Несмотря на грог и тёплую компанию, девушке всё меньше нравилось сидеть в обществе подвыпивших парней. Пусть они не выглядели страшными и даже рук не распускали, всё же Ялка чувствовала, что что-то здесь не так. Может, дело было в их расспросах и бутылках на столе. Именно поэтому она предпочитала останавливаться на постоялых дворах, хозяева которых ко всему привычны и не станут спрашивать, откуда и куда идёшь. Не то что в деревнях, где все друг друга знают и любой путник вызывает насторожённое любопытство. Ялка понимала, что останься она здесь, и дальнейших расспросов ей не избежать. До темноты было ещё часа четыре, можно было попытаться отыскать поблизости постоялый двор, дойти до соседней деревни или, на худой конец, опять заночевать в лесу. Но ей ужасно не хотелось уходить, она устала, ей было тепло, и в голове слегка шумело после грога. Но и оставаться здесь ей тоже не хотелось. И потому, когда хозяин подошёл спросить, кто будет платить за комнату, она сказала: «Комнаты не надо».
– Что?
– Не надо комнаты, – спокойно повторила та и встала. – Я передумала. Пойду. Спасибо.

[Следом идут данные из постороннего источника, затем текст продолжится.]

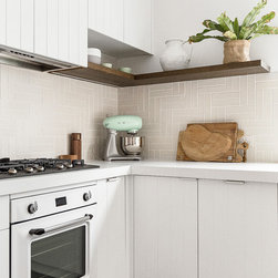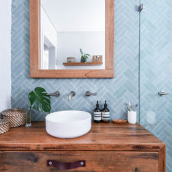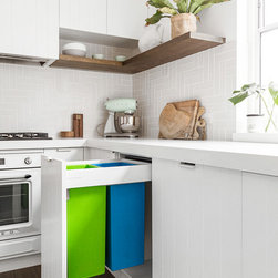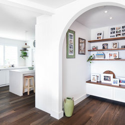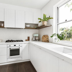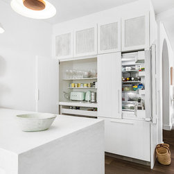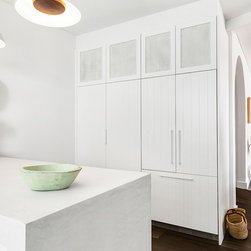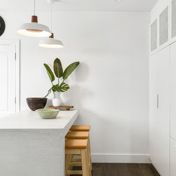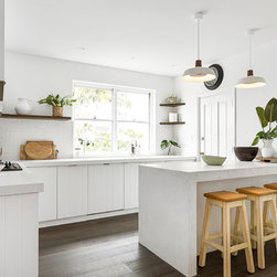 Our design team listened to our clients and created a beachy-style kitchen with huge amount of benchtop and storage space, seating area for three people and a pantry-appliance area.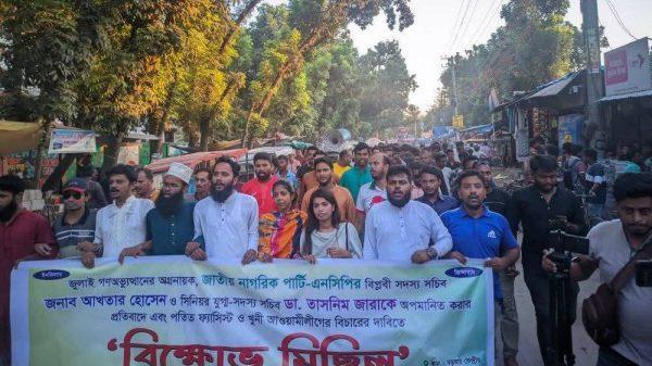 মোঃ আশরাফুল ইসলাম স্টাফ রিপোর্টার বাংলার চেতনা নিউজ। জুলাই গণঅভ্যুত্থানের সমন্বয়ক জাতীয় নাগরিক পার্টি-এনসিপির সদস্য সচিব আখতার হোসেন ও সিনিয়র যুগ্ম-সদস্য সচিব ডা. তাসনিম জারাকে অপমানিত করার প্রতিবাদে এবং পতিত

– Но скоро же стемнеет, – попытался удержать её Михель, который от её слов слегка опешил. – Куда ты?
– Я… Здесь дядя мой живёт, неподалёку. Всё равно надо зайти проведать. Уж лучше я пойду. Спасибо за грог. А это, – она положила на стол два новеньких патара, – за еду.
– Но…
– Я пойду, – настойчиво повторила она и торопливо вышла вон. Дверь за ней закрылась. Герхард сплюнул на пол между ног и потянул к себе кувшин с остатками вина. Мартин со вздохом встал, прошёлся до стола в углу, принёс доску и принялся расставлять на ней обшарпанные шашки.
– Гляди, – сказал Герхард, нарушая тишину, – забыла свой платок. Куда ж она теперь чихать-то будет?
Михелькин помедлил, скомкал тряпочку в кулак и встал из-за стола.
– Я догоню, – сказал он, оглядев по очереди всех троих.
Отговаривать его никто не стал.
Уйти, конечно, Ялка не ушла – всё медлила неподалёку от корчмы, решая, куда податься. Кривая вывеска с серпом и молотом скрипела на ветру. Похолодало, а быть может, это только ей казалось после тёплого трактира. Она подумала ещё немного и двинулась вперёд, стараясь не ступать разбитым башмаком в простуженные лужи. Дождь вновь посыпал мелкой моросящей пеленой, как через сито, высоко на небе проступил размытый диск луны, непривычно белый, словно сметана.
Сзади хлопнула дверь.
– Эй, погоди!
Девушка обернулась. Михель в несколько шагов нагнал её и протянул платок.
– Вот. Ты забыла там.
Ялка лишь кивнула и плотнее запахнула шаль. Взяла платок.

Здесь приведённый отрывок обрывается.